Falcon, I’M certainly not going to tell you you’re wrong (nor am I going to tell you I’m offended by your assessment, either – you’re dead-nuts on in that, I think). Henry is EXACTLY that kind of person. What’s sad (and more than a little scary) is that, up to now, it’s worked for him. He’s freaking out right now because it’s NOT working for him with me and, rather than change and adapt (and, you know, LEARN and GROW), he’s trying to duck out.

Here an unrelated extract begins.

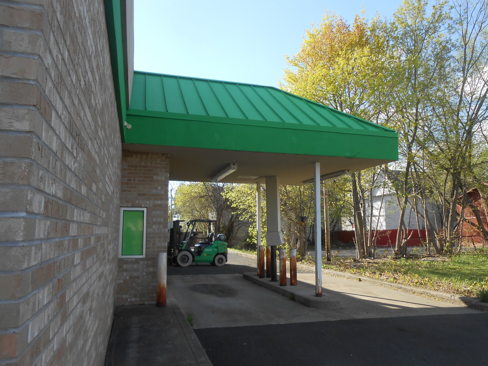 Even though the trim was painted green, scars and wiring from the Rite Aid signs are still fully intact. This one would have read "Pharmacy" and "Department Within".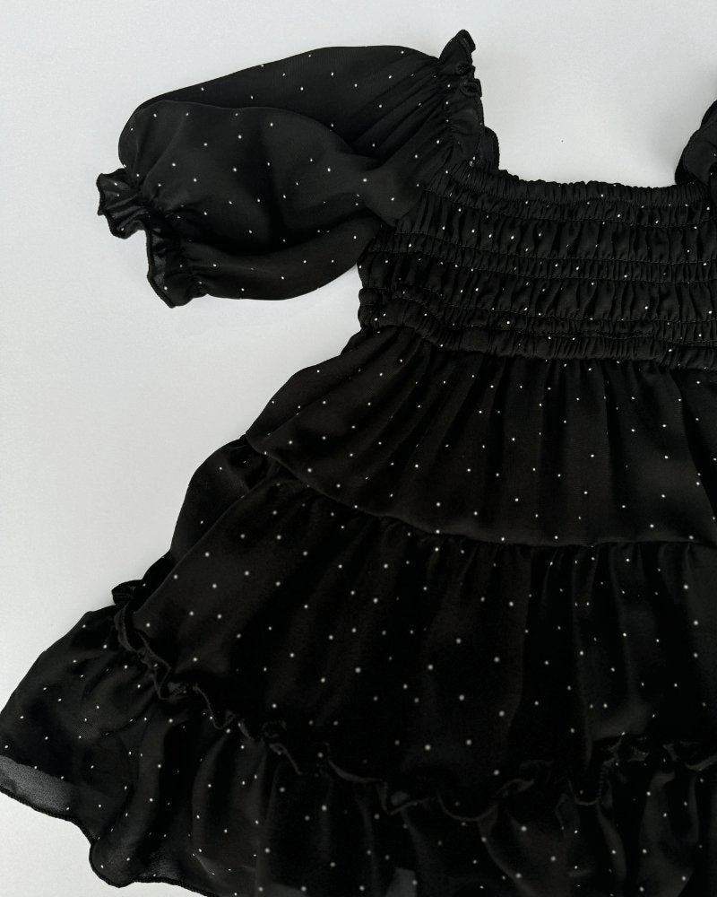 Turn heads with the Katherine mommy and me dresses in black with dainty white dots. Crafted to deliver elegance with a lively twist, whether you're stepping out for a stylish brunch or enjoying a leisurely stroll, this ensemble is sure to accentuate the beautiful bond between mom and daughter.

Michael, while I respect your hesitation to engage Falcon, I have to tell you this: I KNOW Falcon, and I know exactly what he means by this comment. I am a tolerant, open-minded person, and I don’t abide friends who aren’t the same. Falcon is making a valid point in a shocking way – his terminology, though, is appropriate to his point. Henry (as a Polynesian, by the way) was my most outspoken participant when we were discussing Imus and the N-word; his claim was that HE gets to use that word, as a person of color, but that I, as a white woman, can’t. The one African-American in the class was ROLLING her eyes – her contention was that the kind of people – black OR white – who use that word are, really, exactly the kinds of people that Falcon describes – those who use race as an excuse for bad behavior.
Henry’s not so much treating college as summer camp (I’ve got a few of those – Organic Mama’s and my shared student qualifies as one, I think); he really believes – truly, I don’t think it’s an act – that he’s doing quality work and that I’m being discriminatory and disrespectful of him because of who he is. Regardless of his attitude – whether he blows the whole thing off or is under the delusion that he’s demonstrating evidence of complex thinking – he’s still not interested in engaging with me when I try to offer up suggestions to make the work that he IS doing better (read: coherent).
Kizz, I don’t doubt he was talking to his father, but I can’t BEGIN to dream that he’s doing as well as he claims at Local U. *I* graduated from Local U and, while there WERE some classes that your average tree toad could pass with a C, there were more that I, as a relatively intelligent woman with a Yankee work ethic, had to bust ass to complete well. I know for a goddamned FACT he’s not nailing his ENGLISH classes – there’s not a professor in that building who would put up with the incoherent babble I’m getting from him. “He uses history a as crutch,” indeed!
And it was SO hard to not confront him yesterday. It was really all I could do to maintain some semblance of professionalism….
Kate, I don’t mind at all that you’ve brought this up; I think it’s important to be clear about this stuff. I’m perfectly willing to allow for the possibility that Henry was being profiled (far more willing than he is to allow for the possibility that he wasn’t). His comportment is such that he almost invites that kind of attention, however, and I’m trying to get him to understand that taking his education seriously – which means being able to employ some metacognition and self-analysis to recognize when behaviors, habits and patterns no longer serve him and being willing and able to change – might take some of that negative attention away from him. Yes, people of color – even well dressed, educated, eloquent people of color – are profiled. What I’m saying is that if he doesn’t want to be the center of that kind of negative attention, he should stop blatantly asking for it.